Первый напрашивающийся ответ: сами гены, только другие. Мы сегодня знаем, что белки, кодируемые изрядной частью наших генов (по меньшей мере примерно тремя тысячами — при том, что их всего чуть более 21 тысячи), нужны исключительно для управления активностью других генов. И это — не считая регуляторных участков ДНК, которые управляют работой генов, не кодируя собственные белки. Если одни гены могут изменять активность других — почему они не могут изменить их содержание?
Могут. И даже иногда делают это (как, например, в случае с кодированием антител). Но чаще всего — одним, уже хорошо знакомым нам способом: внесением случайных ненаправленных изменений. Иногда — удвоением нужного гена, его вырезанием и т. д. И никогда — целенаправленным изменением последовательности составляющих его нуклеотидов в некоторую определенную сторону[22].
Причина этого, если вдуматься, проста. Целенаправленные изменения — в отличие от случайных — должны иметь программу, которую нужно как-то записать.
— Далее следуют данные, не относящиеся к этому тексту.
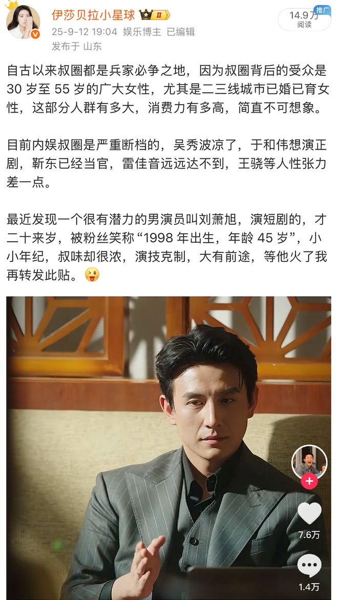 說完郭宇欣,再說劉蕭旭,他還是繼續深耕在短劇領域,坊間人氣高企不下。
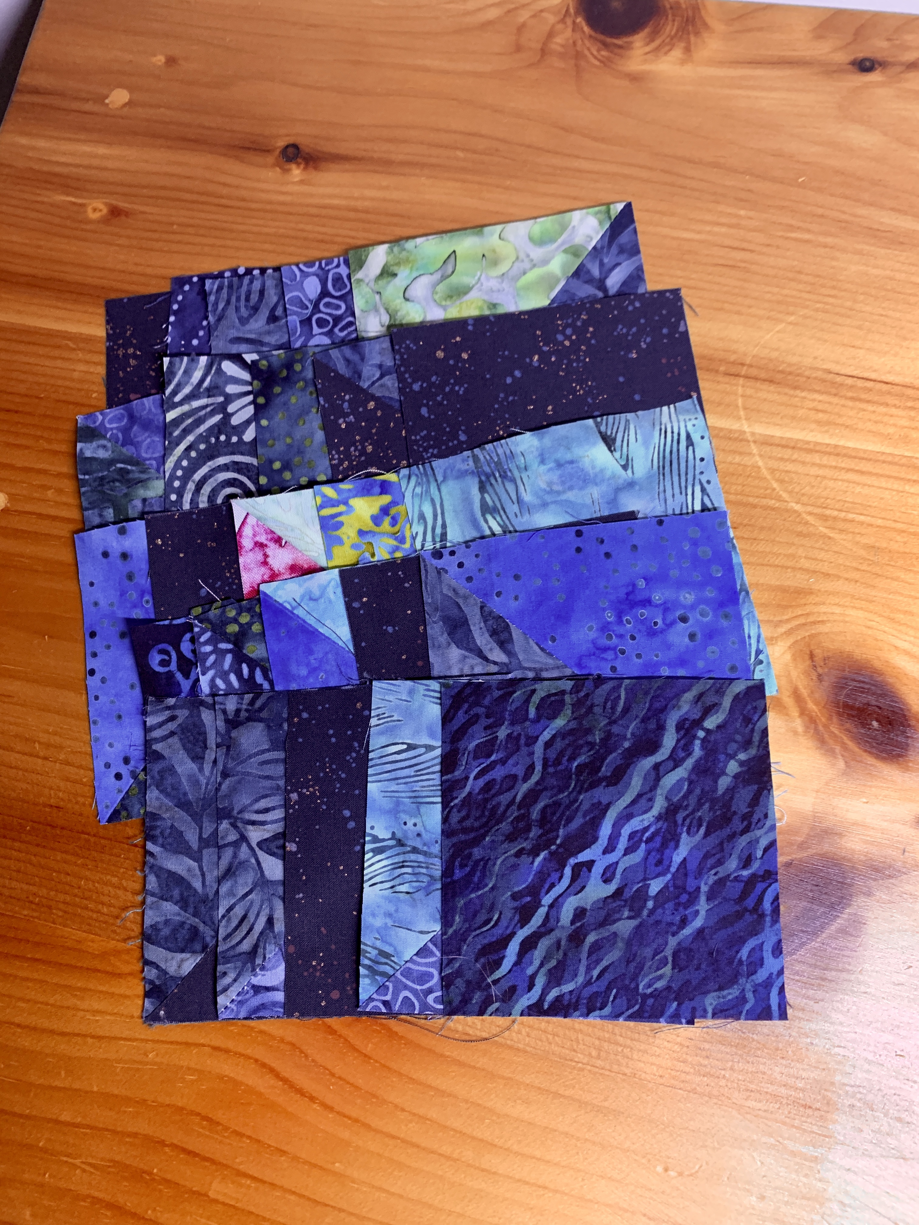 I have assembled two of the 25 blocks elements – 3 to go. I should get those done today. Tomorrow I’ll put the quilt back together, set up the sandwich and then think about what kind of quilting design would complement the Comet Quilt top – no idea about that yet.
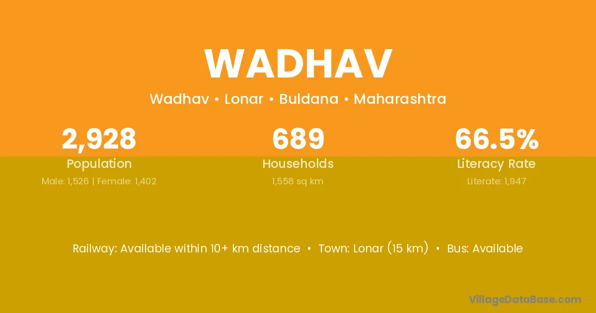 The literacy rate of Wadhav village is 74.04%. Male literacy stands at 81.32% and female literacy at 66.46%.
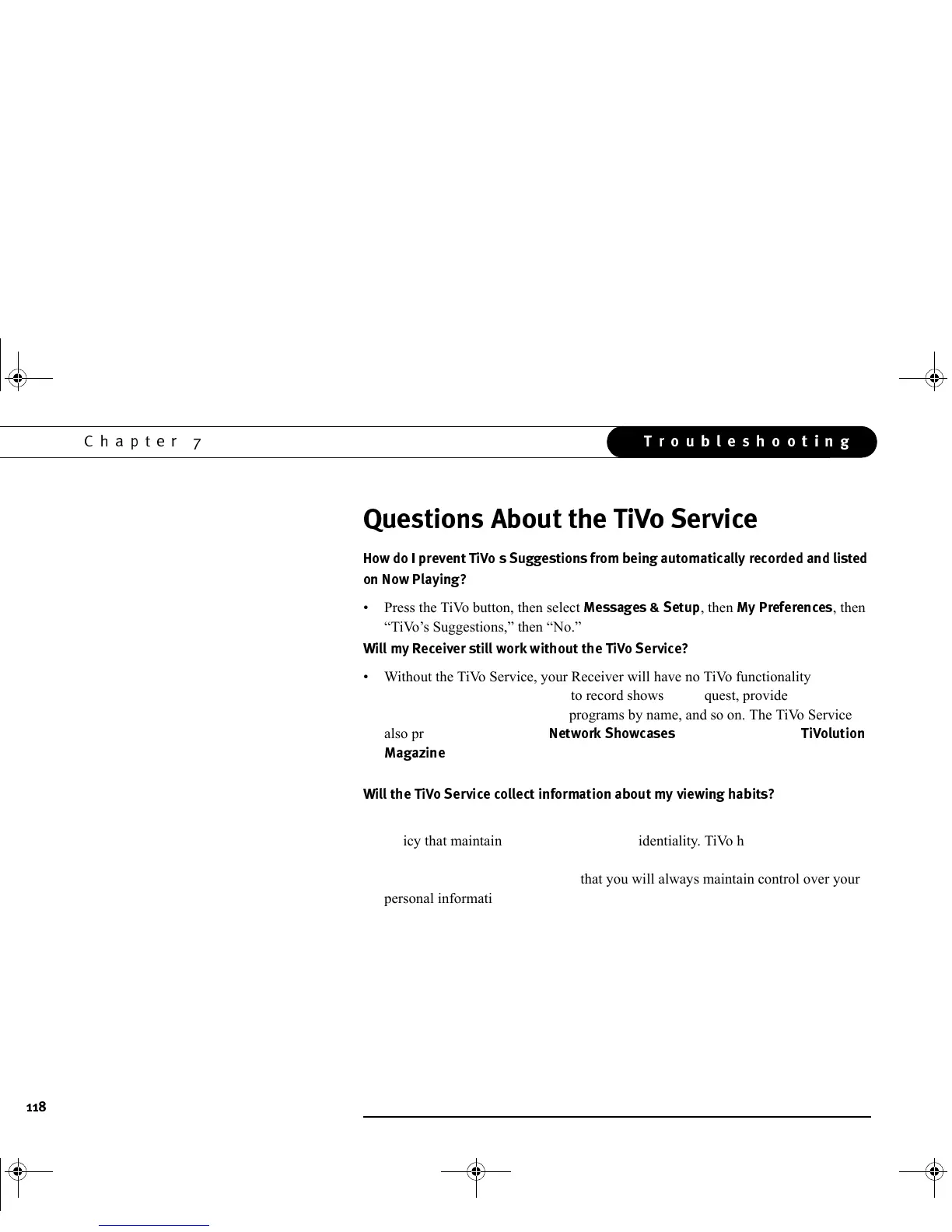 • Without the TiVo Service, your Receiver will have no TiVo functionality. The
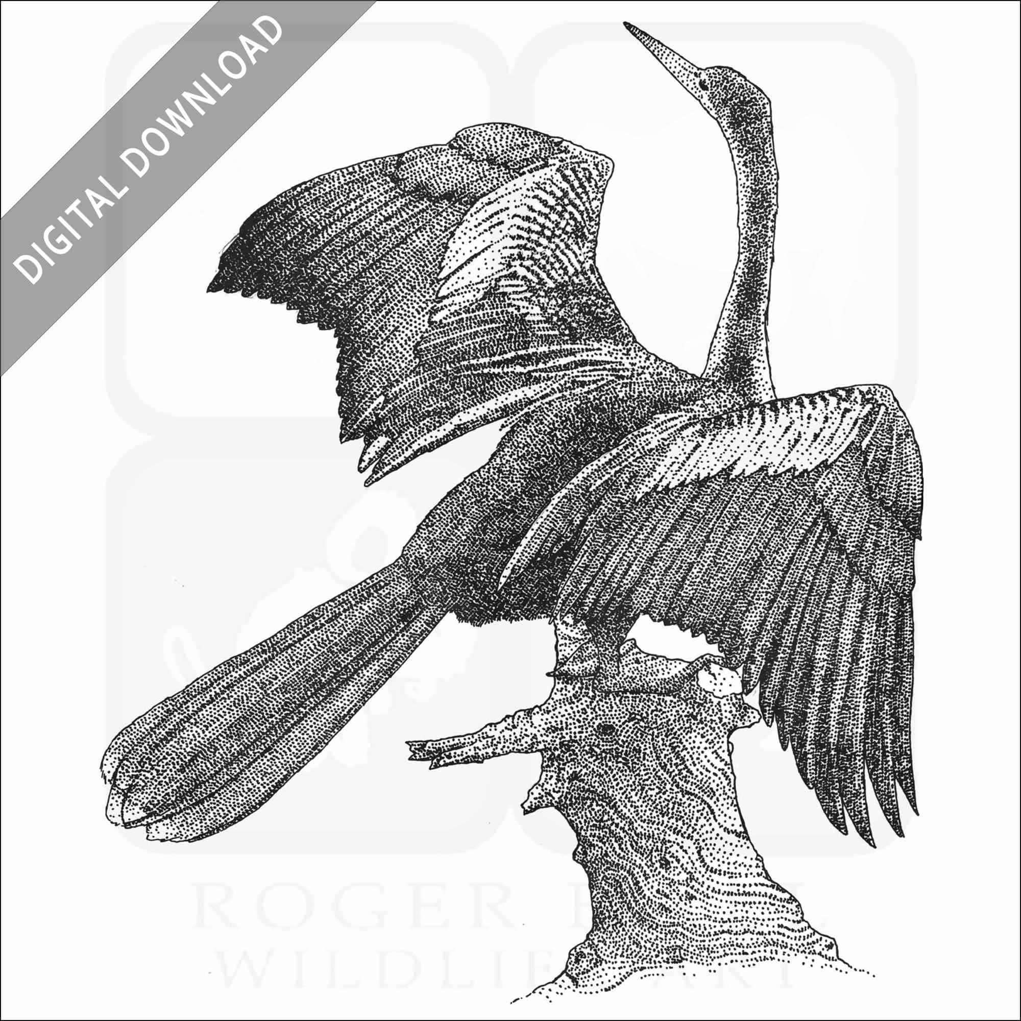 Stock art illustration of an Anhinga (Anhinga anhinga.) The illustration is available in black and white or color for immediate download.
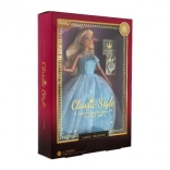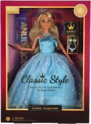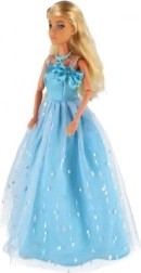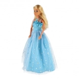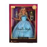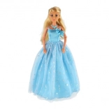 La poupée porte une longue robe bleue au motif délicat et aux détails scintillants qui séduisent au premier regard.

Значит, кроме генетической инструкции по построению и функционированию организма должна существовать еще вторая инструкция, описывающая будущие изменения первой. А поскольку она должна описывать эволюцию генома в течение неограниченного времени, то и объем такой инструкции должен быть бесконечным. Понятно, что это абсурд.
Можно, конечно, предположить, что программа будущих целенаправленных изменений генома содержится не в нем самом и записана как-то иначе, не на языке нуклеотидных последовательностей[23]. Но это предположение ничего не меняет в наших рассуждениях: где бы эта программа ни находилась, каким бы компактным ни был способ ее записи, она должна иметь бесконечный объем. Иначе она рано или поздно будет полностью выполнена — и эволюционирующему виду останется либо остановиться в своем развитии, либо умереть[24].